Выписанная из Петербурга Олечкина мать Луиза Юльевна не замедлила приехать в Москву и тут же увезла дочь в Петербург, а затем в Мартышкино. Брак был нарушен по инициативе Ольги Леонардовны. Но брак был церковный, законный, жених и невеста были надлежащим образом записаны в толстые церковные книги, и поэтому брак мог быть расторгнут лишь постановлением Духовной консистории, а для подачи прошения о разводе не было абсолютно никаких оснований. Ольге Леонардовне и родным пришлось примириться.
Дела Мишины в театре в этот сезон 1914/15 года шли превосходно. На основной сцене МХТ он сыграл роль Миши в пьесе Тургенева «Провинциалка», а в Студии — большую роль Калеба в пьесе «Сверчок на печи» (режиссер Б. М. Сушкевич, премьера 24 ноября 1914 года). Володя зубрил статистику и прочие дисциплины второго курса университета. Жизнь текла с ее радостями и горестями, а в это время на фронтах войны кровь текла рекою, и люди стояли в окопах по колено в мерзлой грязи.
В августе 1916 года родилась Ольга Чехова 4-я. Так называла Мария Павловна дочь Миши и Оли.
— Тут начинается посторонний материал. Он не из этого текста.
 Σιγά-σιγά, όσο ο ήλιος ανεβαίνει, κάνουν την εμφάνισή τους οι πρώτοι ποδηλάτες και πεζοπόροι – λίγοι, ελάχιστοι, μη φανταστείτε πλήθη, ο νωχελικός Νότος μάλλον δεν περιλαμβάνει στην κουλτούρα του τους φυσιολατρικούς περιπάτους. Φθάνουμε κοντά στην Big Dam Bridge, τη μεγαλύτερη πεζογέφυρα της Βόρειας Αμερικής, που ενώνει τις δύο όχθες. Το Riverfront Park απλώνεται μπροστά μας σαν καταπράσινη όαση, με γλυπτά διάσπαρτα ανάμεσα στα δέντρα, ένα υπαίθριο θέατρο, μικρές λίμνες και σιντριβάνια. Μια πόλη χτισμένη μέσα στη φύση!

Она имела при этом в виду, что в семье Чеховых было уже три Ольги: Ольга Леонардовна, моя мать Ольга Германовна и Ольга Константиновна, жена Миши.
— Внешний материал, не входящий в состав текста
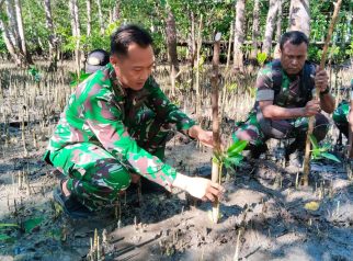 Bersama Dandim, TNI dan Persit Hijaukan Pesisir Fakfak

Однако Мишин брак не дал ему счастья, а, наоборот, по-видимому, способствовал развитию глубокой душевной депрессии, дошедшей в 1916 году до острого нервного расстройства. Уже вскоре после окончания медового месяца у супругов начались разногласия. Она, воспитанная в чопорной немецкой обстановке, не мирилась с широтой его характера и равнодушием к окружающему быту. Философский склад его ума был чужд ей, воспринимавшей лишь поверхностный тонус жизни. Думаю, что в свой духовный мир, в свое святая святых он ее не допускал и поэтому, вероятно, представлялся ей просто ненормальным. Усиливались нелады со свекровью. Ведь свекровь лишилась сознания, когда узнала, что ее единственный сыночек, ее обожаемое нёщечко, женился без спроса, привел в дом молодую хозяйку. Для Натальи Александровны началась пора жгучей ревности, что, конечно, не способствовало миру в семье. По-видимому, жена была настолько чужда Мише, что в своих воспоминаниях он даже не упоминает о ней, как будто ее вовсе не было. В книге «Путь актера» он делает подробный анализ гнетущих представлений, которые появились у него еще в детстве и достигли полного развития в 24–25 лет. Он описывает свое тяжелое душевное состояние, не изменившееся даже после принятия в Художественный театр, описывает нервную напряженность, которую он искусно скрывал от внешнего мира. Эта умелая маскировка и вводила в заблуждение многих. В поисках выхода из невыносимого состояния Миша обращался к философии, этике, религии, учению йогов, обдумывал способ самоубийства, стал пренебрегать театром. Нелады с женой усилились, и в конце 1917 года она ушла от него. В это же время застрелился Володя. Самоубийство двоюродного брата, конечно, произвело на Мишу сильнейшее впечатление и, быть может, удержало его от аналогичного поступка.
Мучительная внутренняя работа продолжалась. Он так описывает это время:
«Решив навсегда порвать с театром, я стал думать о способе добывания средств к дальнейшему существованию… Я решил вырезать из дерева шахматы… стал думать о переплетном ремесле… Я продолжал пить и под влиянием вина писал различные сочинения на невероятные темы. Я описывал, например, очень подробно и пространно, мгновение за мгновением, состояние человека, попадающего под колесо трамвая… Вопрос о добывании средств к существованию становился все острее. Один из моих друзей дал мне однажды совет открыть театральную школу… Экзаменуя приходивших ко мне учеников, я отбирал себе состав будущей моей Студии. В моей запущенной и неуютной комнате протекали первые уроки» (101–102).